How to complete this task: Given these entries, repeat exactly the lines starting with the one that has "11号线F口已基本成型,一条" and going on through the one that has "La conchiglia è", both included, but none of the pictures.

Source records:
○ ○ ○

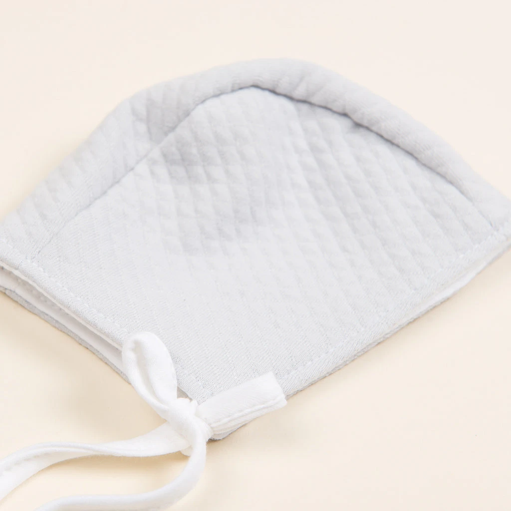 This timeless baby bonnet is the perfect finishing touch to a take home outfit. Made with our soft quilted cotton in grey, it is lined in super soft white Pima cotton for extra comfort, yet is simply styled for any newborn outfit. White Pima ties under the chin allow for a comfortable fit. An adorable traditional baby bonnet to keep your newborn baby warm and styled.
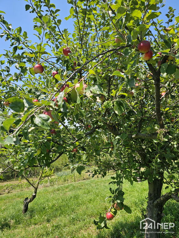 Na parceli je veliko sadnega drevja: hruške, jabolka, slive, kaki, kivi ter veliko cvetličnih grmovnic.
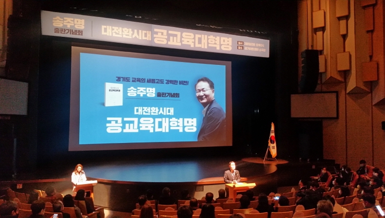 송주명 한신대교수 겸 민주주의학교 상임대표가 1일 경기아트센터 소극장에서 저서 ‘대전환시대 공교육대혁명’ 출판기념회를 열고 오는 6월 1일 치러지는 경기도 교육감 선거 출마를 위한 본격적인 행보에 나섰다. 이번 북콘서트는 교육계 및 노동계, 시민사회단체, 전·현직 지자체장, 시·도의원 등 각계인사 천여명이 참석해 성황을 이뤘다.
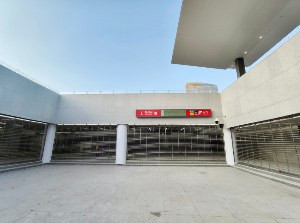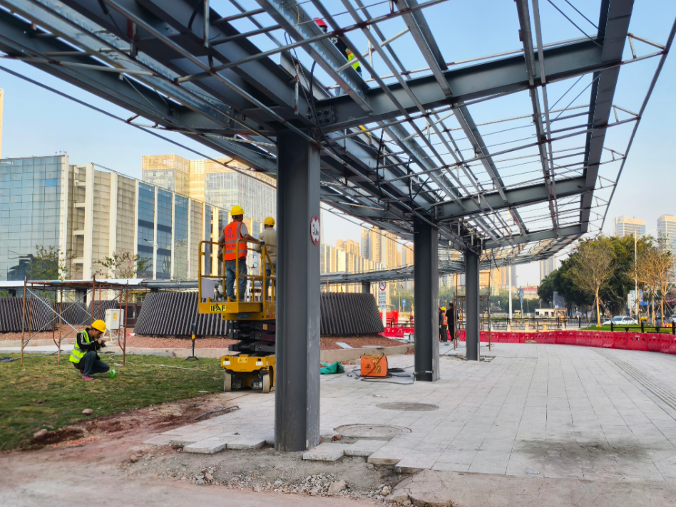 11号线F口已基本成型,一条长约220米的风雨连廊正在建设,由F口一直连到8号线A口。
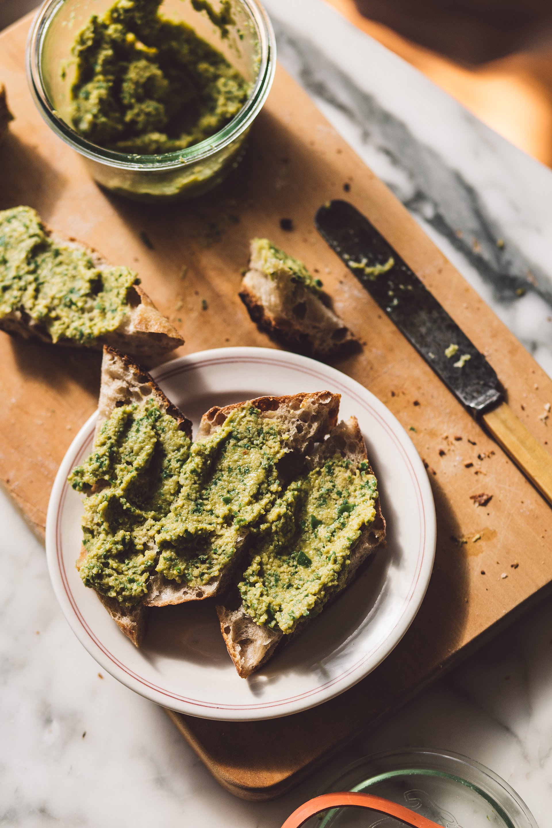 Making this olive tapenade, you are aiming for a dark taste. Never add lemon juice, or it will go unbalanced. We love garlic, so this tapenade recipe contains enough for a warm taste, but too much is undoubtedly going to take over the dominant flavours of capers and olive. It is called olive tapenade, after all, so let's stick to it. Here we used green olives, traditionally black olives are the protagonist, and kalamata olives will also do perfectly. You have options. As usual with olive oil and herbed dips, a night in the fridge will infuse the ingredients and deepen the flavours.
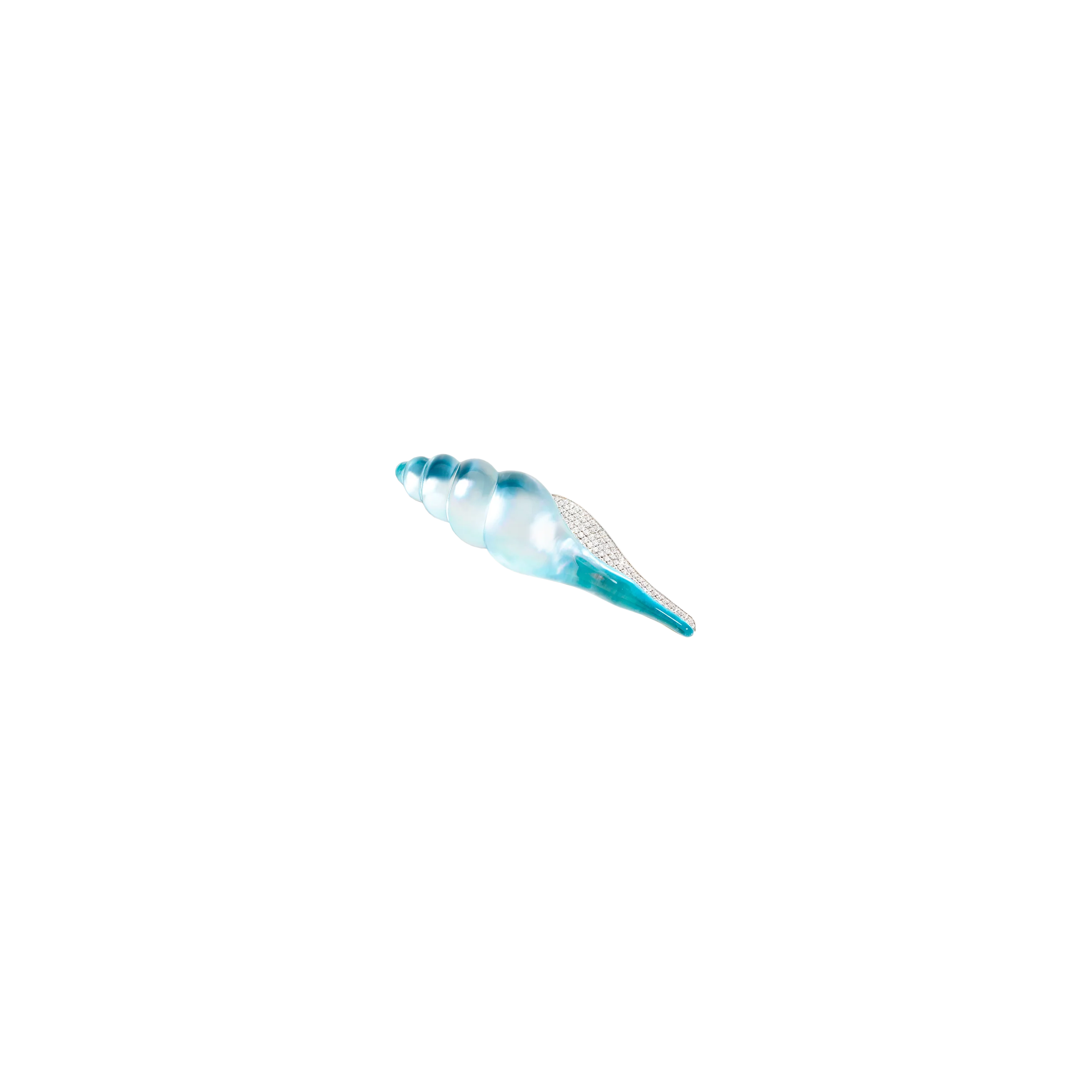 La conchiglia è una spilla scultorea che reinventa le forme della natura. Realizzata in oro bianco, presenta uno splendido pavé di diamanti e un colore unico creato dal turchese, dalla madreperla bianca e dal cristallo di rocca, che si combinano per creare le famose trasparenze di Vhernier.
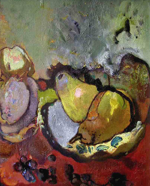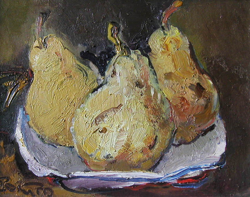Натюрморт я всегда любил, но долгое время не понимал его специфики. Этот жанр не был моим, сам я не работал в этом жанре, он казался мне слишком тонким и медитативным, а я человек непоседливый. Только сейчас, после встречи со Степаном Фёдоровичем Арефиным, когда я увидел настоящую реалистическую живопись, начал что-то понимать. Первым натюрмортом, признаюсь честно, стали «Груши», которые он подарил мне с наказом «не съесть, а написать и отчитаться». И, вот, в подражании этому большому мастеру и с его подачи, я написал первые более или менее удачные работы.
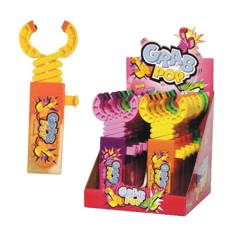 Kids will have fun with this fruit flavored candy that has an extendable grabbing arm Three delicious flavors peach grape and green apple These Grab A Pop Robot Arms are sold individually
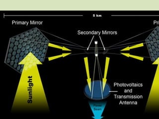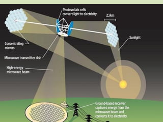 Space-based solar power (SBSP) collects solar power in space using solar satellites and beams it to large rectennas on Earth. SBSP has been researched since the 1970s as a potential future energy option that could provide abundant, continuous solar power without atmospheric or weather effects. While extremely expensive currently, SBSP could solve global energy needs long-term by tapping into the vast solar resources available in space.
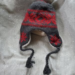 Attractive and unique knit hat.. Very warm, 85% wool, 15% nylon. Lined with 100% knitted polyester. Covers ears. Gently used.
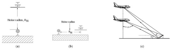 Elevation angle for point of noise measurement beneath (a) and lateral (b) to the flight path, and ahead of the airplane (c) in the vertical plane: β—the elevation angle, θ—incidence angle, ψ—grazing angle and distance R to the noise source.
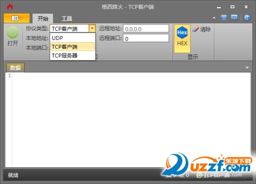 3、切换成功,工具栏上已经由串口切换为网络接口,网络接口支持UDP、TCP客户端、TCP服务器协议类型。
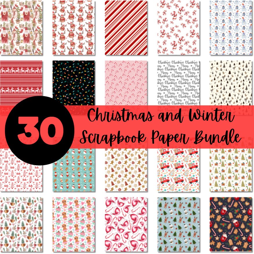 Printable bundle of 30 different Christmas and Winter themed Digital Scrapbook Papers for crafting and decorating. You get all 30 prints that you see in the listing photos. There are several different Christmas and Winter designs, so there is something for everyone. Traditional Santa, Reindeer, Candy Canes, Snowmen, Red and Green, Christmas Trees, Gingerbread, Nutcrackers and all the things you think of when you think Christmas!

○ ○ ○

Output of the task:
 11号线F口已基本成型,一条长约220米的风雨连廊正在建设,由F口一直连到8号线A口。
 Making this olive tapenade, you are aiming for a dark taste. Never add lemon juice, or it will go unbalanced. We love garlic, so this tapenade recipe contains enough for a warm taste, but too much is undoubtedly going to take over the dominant flavours of capers and olive. It is called olive tapenade, after all, so let's stick to it. Here we used green olives, traditionally black olives are the protagonist, and kalamata olives will also do perfectly. You have options. As usual with olive oil and herbed dips, a night in the fridge will infuse the ingredients and deepen the flavours.
 La conchiglia è una spilla scultorea che reinventa le forme della natura. Realizzata in oro bianco, presenta uno splendido pavé di diamanti e un colore unico creato dal turchese, dalla madreperla bianca e dal cristallo di rocca, che si combinano per creare le famose trasparenze di Vhernier.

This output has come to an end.